My first thought upon reading this was, “Ha! My anxieties about taking my Hans Wehr dictionary on flights was well founded after all, and not paranoid!” Because you know what words appear in the world’s greatest Arabic-English dictionary? “Bomb” and “terrorism.” Swear to God.
The student acknowledged that a few of the vocabulary words, including “bomb” and “terrorism,” may have alarmed authorities, but he also said he needed to learn them in order to understand the news of the day in Arabic-language newspapers.
Indeed one does need to learn “bomb” and “terrorism” to understand many articles in newspapers. Especially some of the most interesting ones, assuming that’s where your interests lie.
The lawsuit, filed with the help of the American Civil Liberties Union, details George’s allegations of abusive questioning. The suit contends that an FBI agent cursed him and asked George if he was Muslim or a member of any “pro-Islamic” or communist student groups, to which he replied no. The student said he was later released without an apology. Having missed his original flight, he flew to California the next day.

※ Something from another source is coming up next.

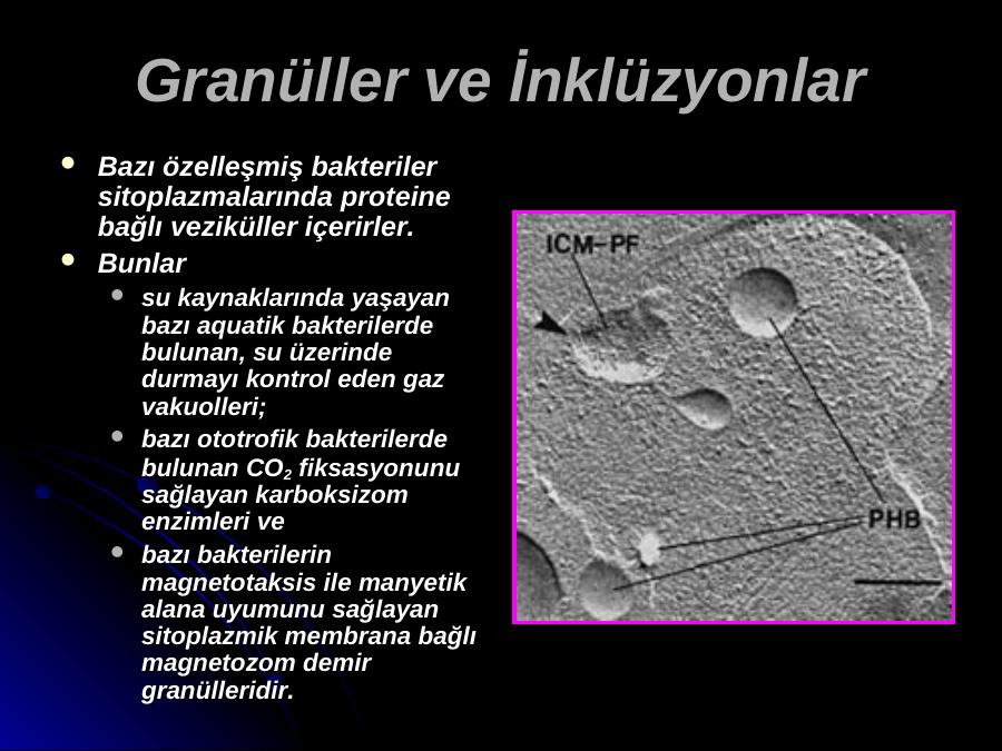 Granüller ve İnklüzyonlar Bazı özelleşmiş bakteriler sitoplazmalarında proteine bağlı veziküller içerirler. Bunlar su kaynaklarında yaşayan bazı aquatik bakterilerde bulunan, su üzerinde durmayı kontrol eden gaz vakuolleri; bazı ototrofik bakterilerde bulunan CO2 fiksasyonunu sağlayan karboksizom enzimleri ve bazı bakterilerin magnetotaksis ile manyetik alana uyumunu sağlayan sitoplazmik membrana bağlı magnetozom demir granülleridir.

Ben Wizner, the ACLU attorney who helped file the suit, said George “is the kind of young man that this country should be encouraging and creating more of. He has traveled the world with an open mind and an open heart, and he is studying the language that the State Department and the military have made clear we need more Americans to study.”
What’s a pro-Islamic group? Something like Students United for Supporting Islam Even Though We’re Not Muslims? I wonder if an interfaith group like the Virginia Interfaith Center would be considered a “pro-Islamic” group.
Hey TSA guys, sometimes the person who reads Arabic is exactly the person you most want on your side, fighting terrorism.